Chemical Description

Different sources of media describe the Chemical Description of 100-44-7 differently. You can refer to the following data:
1. Benzyl chloride is a colorless liquid used in organic synthesis.
2. Benzyl chloride is an organic compound that is used as a precursor to various chemicals, including benzyl alcohol.

Chemical Properties

Benzyl chloride is a colorless to s lightly yellow liquid with a strong, unpleasant, irritating odor. The Odor Threshold is 0.05 ppm.The stabilized form of benzyl chloride contains a fixed amount of a sodium carbonate solution or propylene oxide.

Physical properties

Colorless to pale yellowish-brown liquid with a pungent, aromatic, irritating odor. Odor threshold concentration is 47 ppbv (Leonardos et al., 1969). Katz and Talbert (1930) reported an experimental detection odor threshold concentration of 210 μg/m3 (41 ppbv). The solubility of benzyl chloride in water is 0.33 g/L at 4°C, 0.49 g/L at 20°C, and 0.55 g/L at 30°C. It is freely soluble in chloroform, acetone, acetic acid esters, diethyl ether, and ethyl alcohol.
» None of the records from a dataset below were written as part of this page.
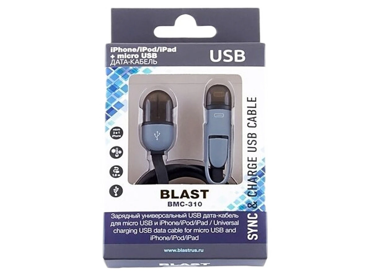 Кабель BLAST BMC-310, USB 2.0 — 8 pin Lightning, micro USB, черный, плоский, комбинированный, 1 м.
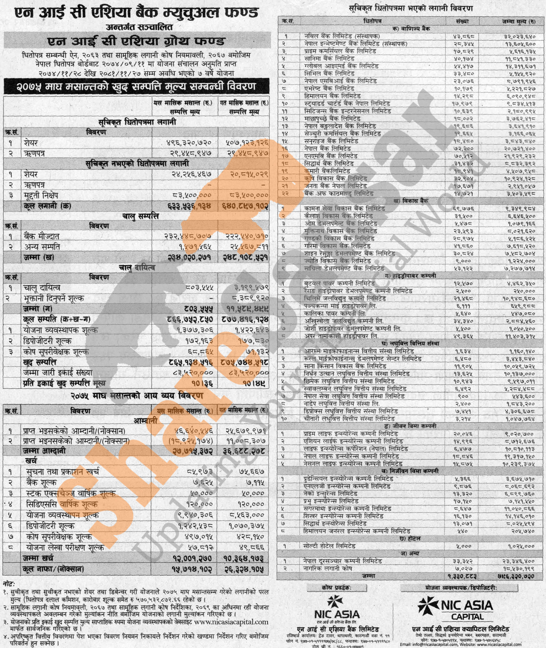 NIC Asia Capital Limited has published (NIC Asia Growth Fund) Net Assets Value (NAV) till Magh, 2075.
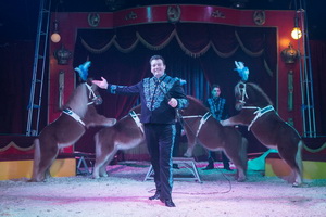 Der Chef des Hauses präsentiert in dieser Spielzeit zwei Dressur-Darbietungen. Zunächst trippeln vier Shetland Ponys munter ihre Figuren in den Manegensand. Vielseitige Abläufe werden vom souverän agierenden Dresseur im Wechsel mit verschiedenen Kruppensteigern abgerufen. Mit einigen gekonnten Da Capo Steigern findet der Auftritt seinen gelungen Abschluss.
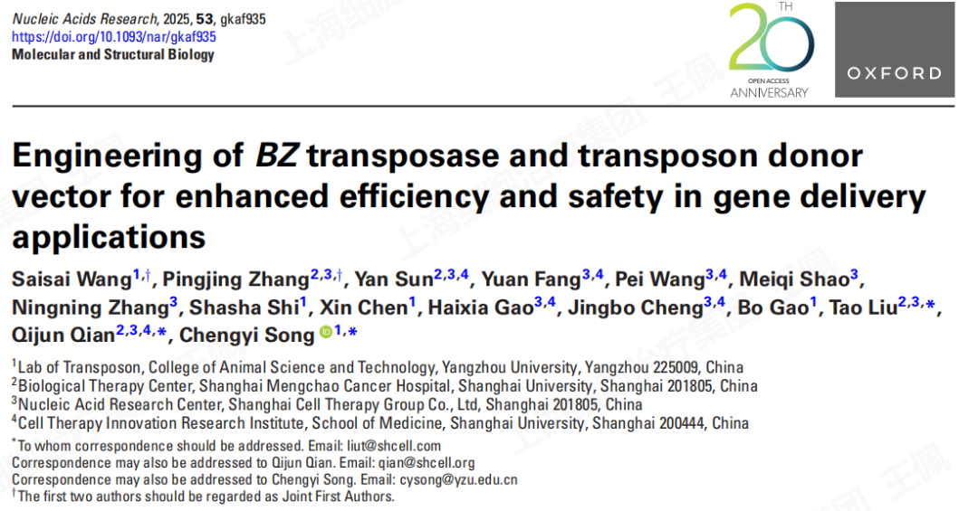 上海细胞治疗集团联合扬州大学宋成义教授团队、上海大学孟超肿瘤医院及上海大学医学院细胞治疗创新研究院,研究针对BZ转座系统(源于斑马鱼)进行精准工程化改造,成功开发出高效、安全升级版 Baize(BZ)的转座子系统,为基因治疗提供了更具潜力的新型递送工具。
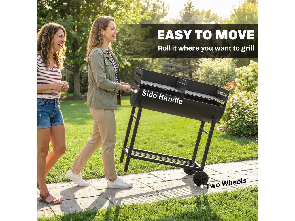 - Přenosné provedení s kolečky: Díky praktickému bočnímu madlu a dvěma kolečkům lze grilovací vozík bez námahy přemisťovat mezi zahradou a terasou. Ať už se jedná o grilovací párty nebo venkovní vaření, můžete jej umístit, kamkoli potřebujete.
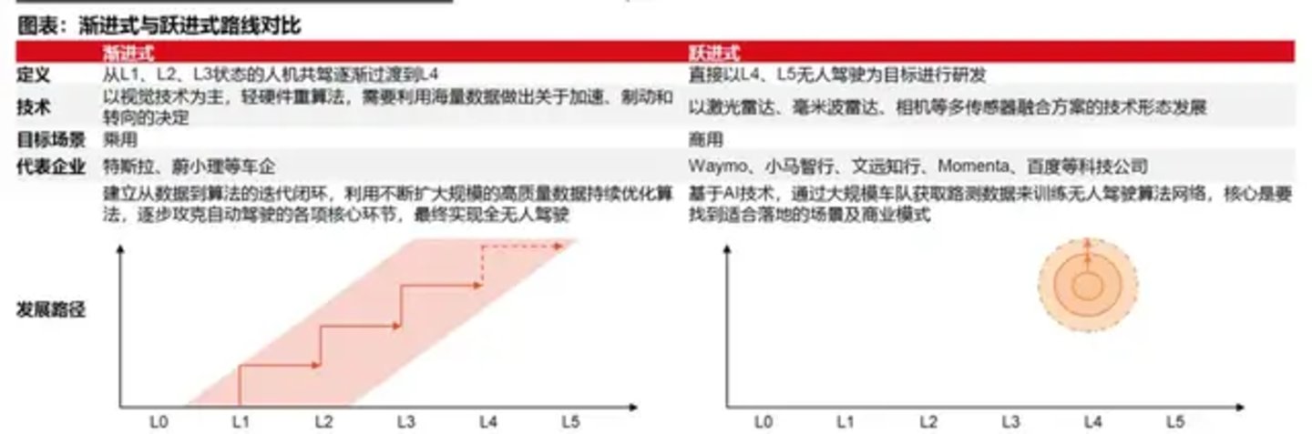 国内走特斯拉这种L2逐步晋级到L4的玩家如主机厂如小鹏、理想、蔚来、华为、小米等,大干猛加激光雷达直接走L4、L5的,国内主要是以百度、小马智行、文远知行等,这些服务商下级去做L2时候,普遍会发现完全不是一个技术路径,很难把L2做好。此外Momenta是双路线并行,L2做得还算不错,是因为它L2起步很早,已经积累了一定的量产经验,切换端到端路径会更快。
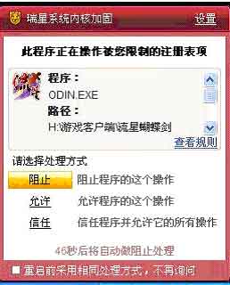 3.找到 游戏的根目录下的 bin\win32\Odin.exe,将该应用程序添加入白名单,如下图:
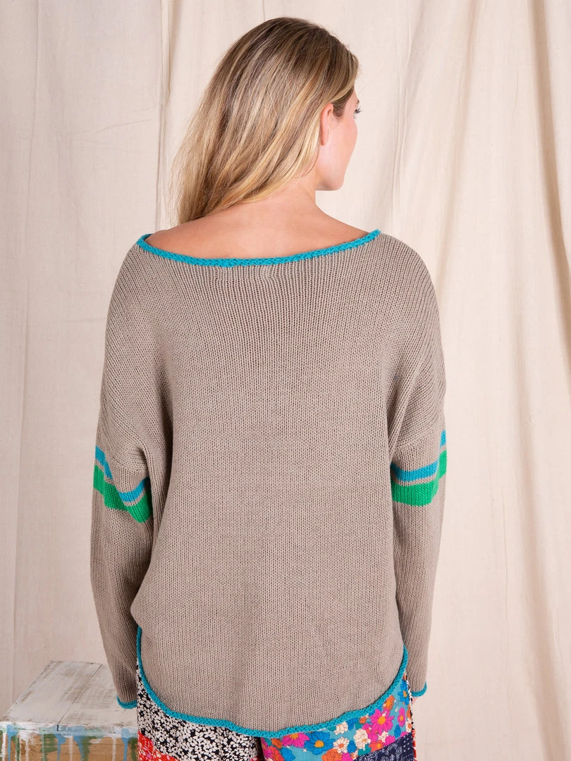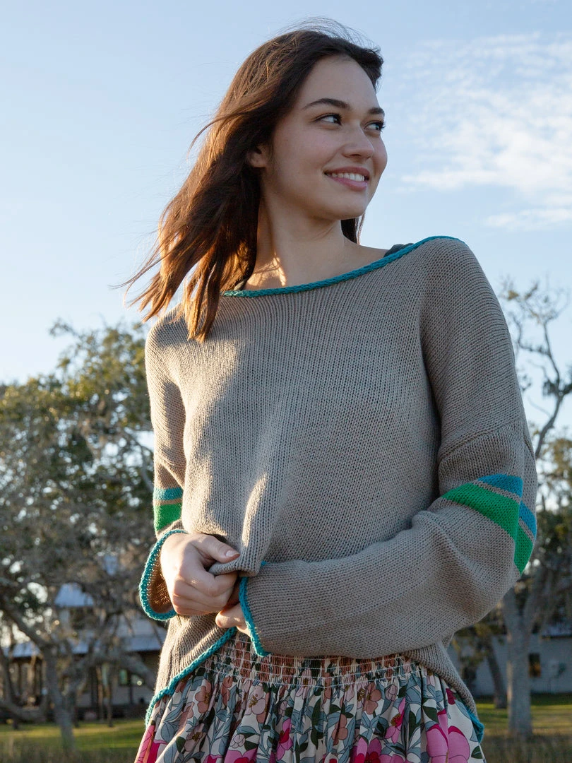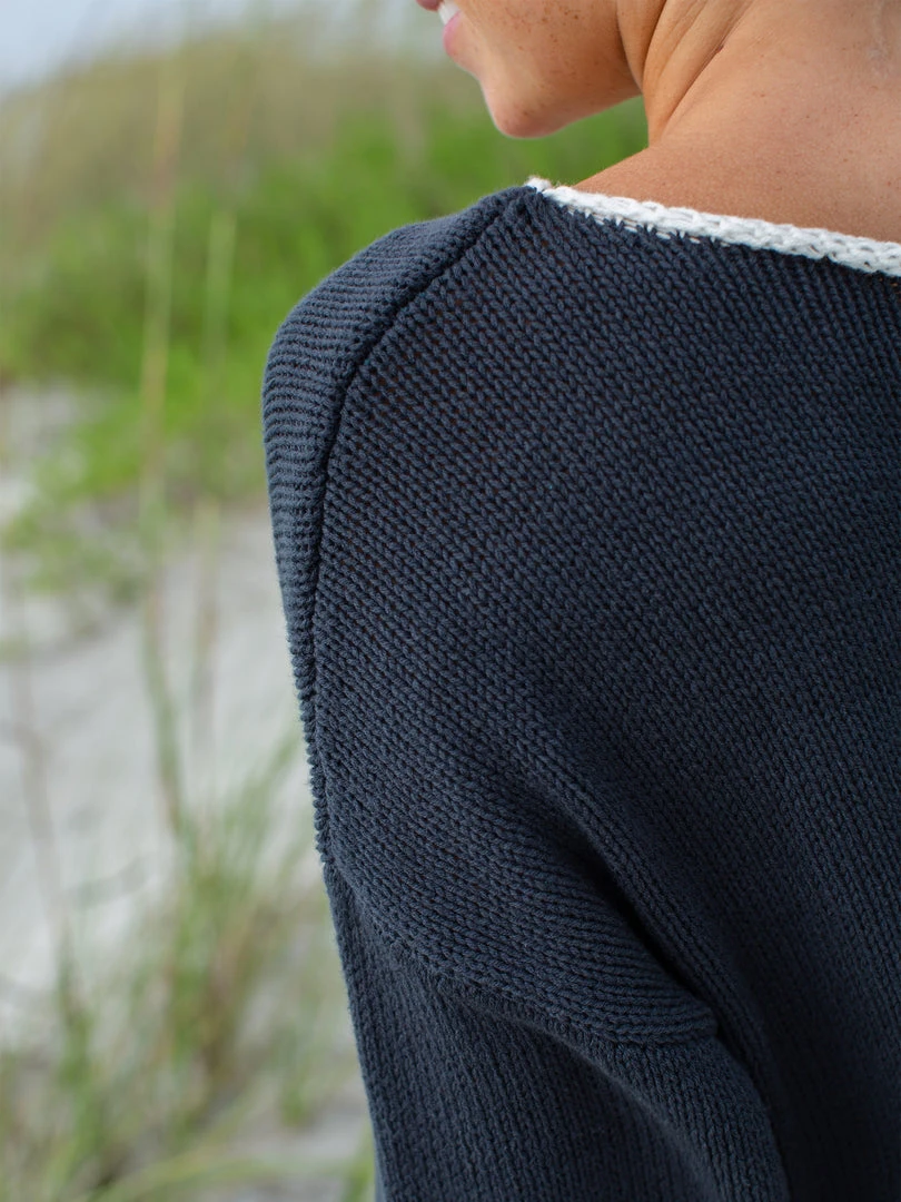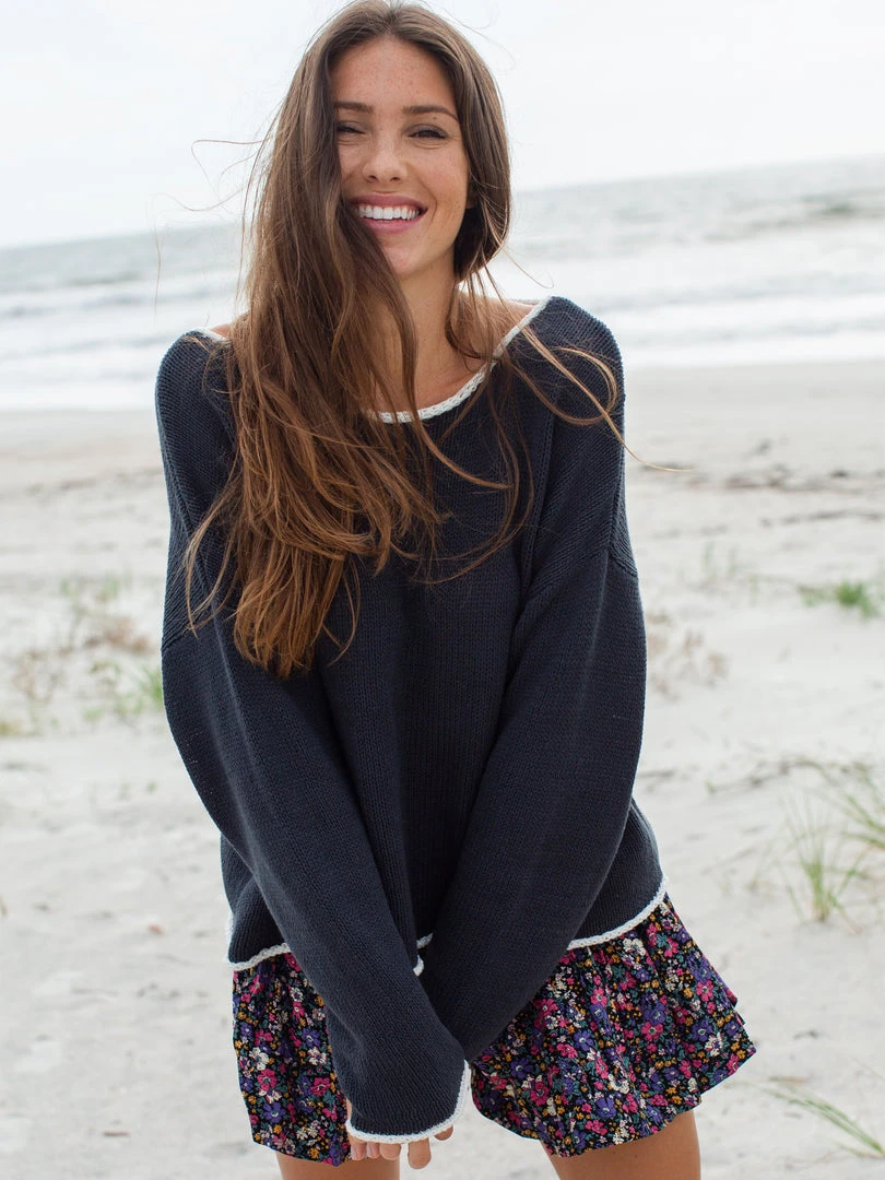 You can never have too many easy pullover sweaters! This summer sweater is lightweight and features a special intarsia contrast stitching. The fit is relaxed and oversized, making it so comfy… and it’s perfect for the beach to throw on over your bathing suit! Wear it alone during warmer weather days and layer with a long sleeve tee and jacket for cooler days!

Benzyl chloride is used in the manufacture of benzyl Compounds, dyes, artificial resins, tanning agents, phar maceuticals, plasticizers, synthetic tannins, perfumes, lubricants, and quaternary ammonium compounds. It is also an intermediate in the preparation of phenylacetic acid (precursor to phamaceuticals).


ChEBI: Benzyl chloride is a member of the class of benzyl chlorides that is toluene substituted on the alpha-carbon with chlorine.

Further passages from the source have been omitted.